Your objective: Take the lines below from the one with "为进一步贯彻落实党的教育方针" through the one with "Während eines Gottesdienstes" and retype them exactly. Include nothing else, and no pictures.

(Records contained in a dataset)

·····

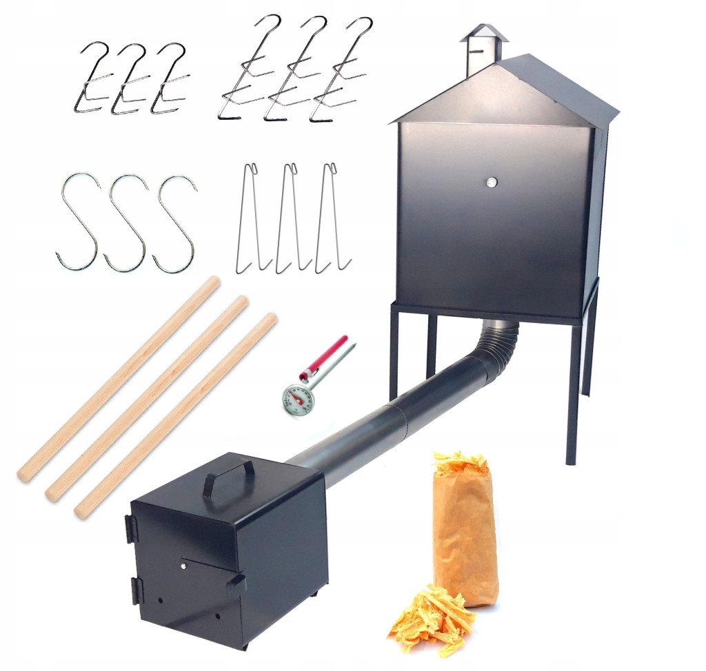 Przedmiotem sprzedaży jest solidna metalowa wędzarnia ogrodowa wykonana z grubej czarnej blachy, wędzarnia z zewnątrz jest pokryta lakierem odpornym na temperaturę i warunki atmosferyczne. W kominie wędzarni został zamontowany szyber dzięki czemu to my decydujemy ile ma pozostać dymu w komorze wędzarni. Wędzarnia została tak zaprojektowana że po zakończeniu wędzenia możemy ją bardzo łatwo i szybko złożyć dlatego przechowywanie jej nie sprawia problemu. Wędzarnia jest wyposażona w termometr który ułatwia proces wędzenia poprzez kontrolowanie temperatury.
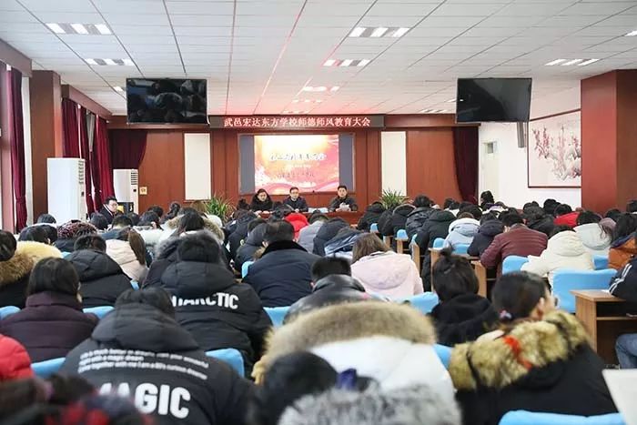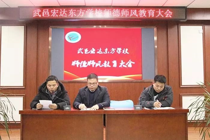 为进一步贯彻落实党的教育方针,推进我校师德师风建设,提高我校教育教学质量,近日,宏达东方学校召开了师德师风教育大会。高一年级主任马利辉,级部主任程龙、叶子举以及高一年级全体教师参加本次会议。
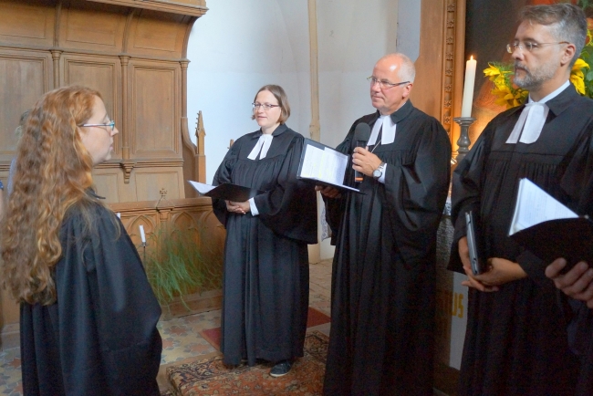 Während eines Gottesdienstes in der Kartlower St. Johanniskirche, ungefähr 30 Kilometer südlich von Greifswald gelegen, wurde am gestrigen Nachmittag, Sonntag, 2. September, Pastorin Silke Kühn von Propst Gerd Panknin in das Pfarramt der evangelischen Kirchengemeinden Kartlow-Völschow (75 Prozent) und Hohenmocker-Daberkow (25 Prozent) eingeführt. Seit Februar 2015 war Silke Kühn als Pastorin in das Pfarrdienstverhältnis auf Probe in Kartlow berufen. Als Geschenk hatte Gerd Panknin eine Rosenpflanze für den Kartlower Pfarrgarten mitgebracht. Wie bei der Rose mit ihren Blüten und ihren Dornen gebe es im Leben und im Dienst neben Schönem auch Dinge, die schmerzen, so Gerd Panknin. „Aber Jesus hat uns gelehrt, mit diesen Dornen umzugehen.“ Und wie bei der Rose müsse auch im Gemeindeleben immer wieder Neues wachsen und werden. Die Liebe Gottes möge Silke Kühns Dienst begleiten und die Menschen miteinander verbinden, so der Propst.
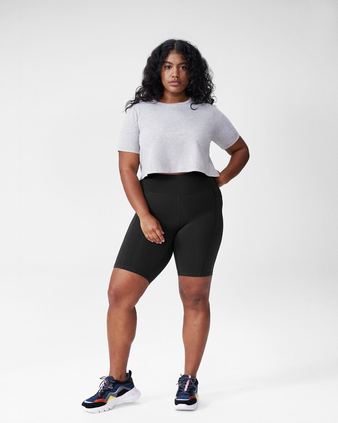 Universal Standard Knockout Bike Shorts – Black, $, available at Universal Standard
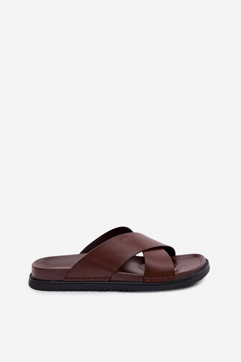 Kožené šľapky pre mužov Big Star TT174218 tmavohnedej farby
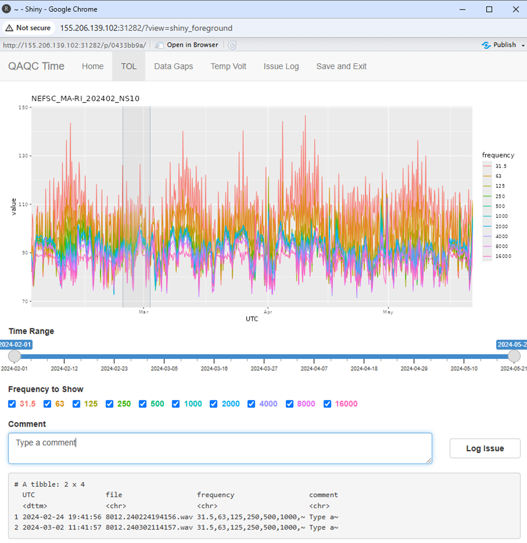 runQAQCReview), load the QAQC figures and data generated in the previous step, and review or annotate any compromised data - Once review is completed, or if review needs to be paused, save the issues data and stop the app.

·····

Problem solution:
 为进一步贯彻落实党的教育方针,推进我校师德师风建设,提高我校教育教学质量,近日,宏达东方学校召开了师德师风教育大会。高一年级主任马利辉,级部主任程龙、叶子举以及高一年级全体教师参加本次会议。
 Während eines Gottesdienstes in der Kartlower St. Johanniskirche, ungefähr 30 Kilometer südlich von Greifswald gelegen, wurde am gestrigen Nachmittag, Sonntag, 2. September, Pastorin Silke Kühn von Propst Gerd Panknin in das Pfarramt der evangelischen Kirchengemeinden Kartlow-Völschow (75 Prozent) und Hohenmocker-Daberkow (25 Prozent) eingeführt. Seit Februar 2015 war Silke Kühn als Pastorin in das Pfarrdienstverhältnis auf Probe in Kartlow berufen. Als Geschenk hatte Gerd Panknin eine Rosenpflanze für den Kartlower Pfarrgarten mitgebracht. Wie bei der Rose mit ihren Blüten und ihren Dornen gebe es im Leben und im Dienst neben Schönem auch Dinge, die schmerzen, so Gerd Panknin. „Aber Jesus hat uns gelehrt, mit diesen Dornen umzugehen.“ Und wie bei der Rose müsse auch im Gemeindeleben immer wieder Neues wachsen und werden. Die Liebe Gottes möge Silke Kühns Dienst begleiten und die Menschen miteinander verbinden, so der Propst.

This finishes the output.